Взяла меня под руку и увела к дому, а брат с Афродитой на дороге под виноградом остались.
VII
Когда мы с Цецилией остались одни около дома, она обняла меня и сказала мне:
– Сядем здесь.
Мы сели. И я обнял ее тоже; но ум мой был все там, где остался брат с Афродитой. Сказать и то, что Цецилия мне меньше нравилась, чем Афродита; она чернее была, и головка и мордочка у нее были как будто слишком велики; а глаза малы и рост не велик и, кто знает, что еще, только она мне не очень нравилась. Потом она мне не могла быть невестой по вере своей; а во грех какой-нибудь я впадать не хотел и боялся, потому что отец ее был человек в городе сильный. А с тех пор, как брат мне сказал: «вот бы, если бы за кого-нибудь из нас двоих Афродита замуж вышла, была бы жизнь хорошая нам всем…», я стал думать, что это возможно и очень приятно стать мужем Афродиты, и беспокоился, о чем брат с нею там говорит и что они делают одни.

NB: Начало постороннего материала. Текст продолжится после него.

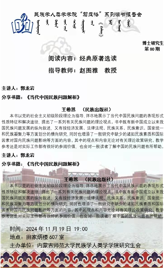 Beat365唯一官方网站“碧立格”系列读书报告会预告博士研究生第80期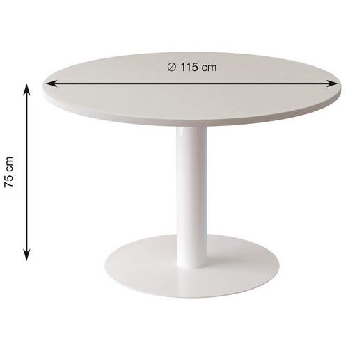 Gemelamineerd blad met dikte 25 mm Afgewerkt met een dikke rand van ABS van 2 mm, diameter 115 cm Stalen voet met witte epoxylak, krasbestendig, diameter 120 mm Stalen sokkel met witte epoxylak, krasbestendig, diameter 62 cm, dikte 4 mm Logistiek: ongemonteerd geleverd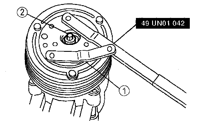 1. Hold the A/C clutch hub with the Spanner Wrench ST49-UN01-042.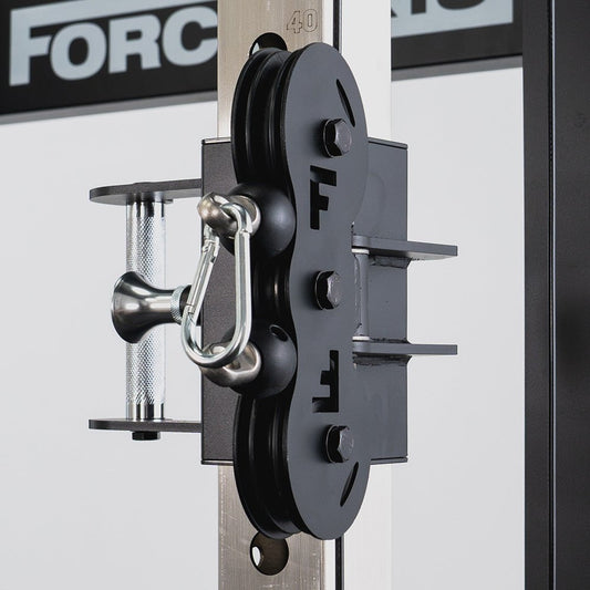 The Force USA X15 Pro offers a selectable cable pulley ratio of 2:1 or 1:1. With 100 lb loaded, you'll experience 50 lb resistance at the 2:1 setting, and full 100 lb resistance at the 1:1 setting.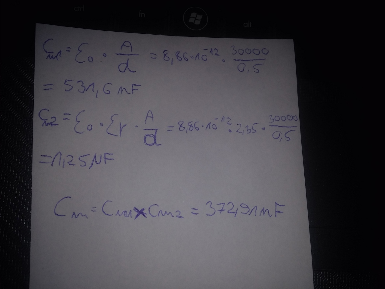 Hogyan tudom kiszámolni ennek a kondenzátornak a kapacitását. Az oké hogy E0*Er*A/d de ebben az esetben, ha a d egyik fele fólia, másik fele levegő, mi a teendő?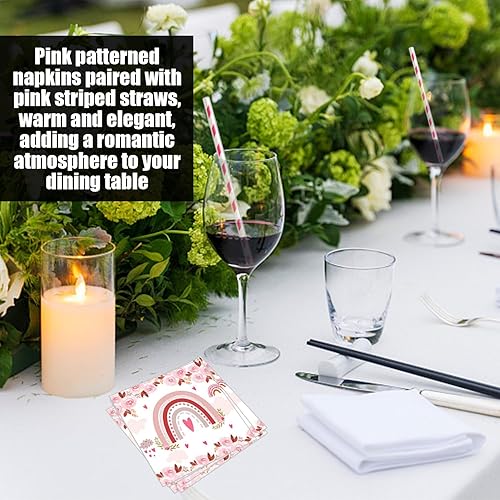 40 Fleurs De Serviette, 10 Pailles Rayées, Serviettes De Décoration De Table De Baptême, Accessoires De Serviettes De Décoration De Fête, Serviettes Décoratives Roses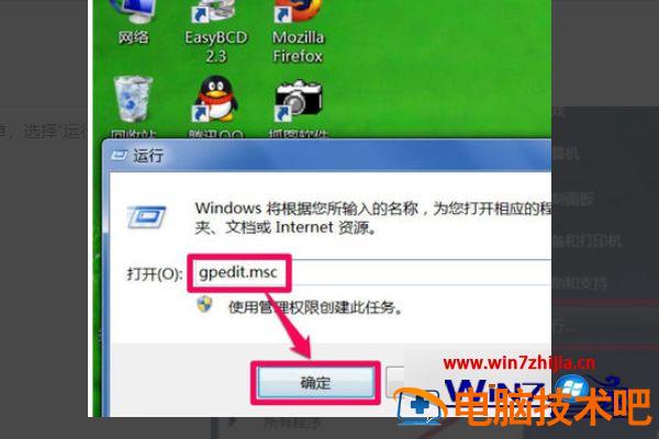 2、打开运行窗口,输入gpedit.msc命令,确定,打开组策略编辑器。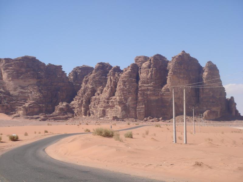 Man hörte den Wind, manchmal einen Vogel rufen und wir rochen die trockene Erde, die stellenweise rostrot war. Ein großer Teil des bekannten Films „Lawrence von Arabien“ wurde hier gedreht. Natürlich sind wir einen riesigen Sandberg hochgeklettert und Mutti bewachte derweil die Taxe. Der Fahrer machte Fotos von uns. Weiter ging es und als wir die Schienen einer Eisenbahn überquerten, schaltete der Taxifahrer den Motor aus und sagte, Motor defekt. Er grinste, war nur ein Scherz.

– Вот, – говорит, – ты, Янаки, меня не бойся. И ничего не бойся и не стыдись. Я тебе скажу, что я хоть и очень еще молода, а я уж любила одного совсем.
Я говорю ей:
– Я ничего не боюсь!..
И даже поцеловал ее, только без охоты; сам все на виноград, туда, смотрю. Цецилия болтает мне свое.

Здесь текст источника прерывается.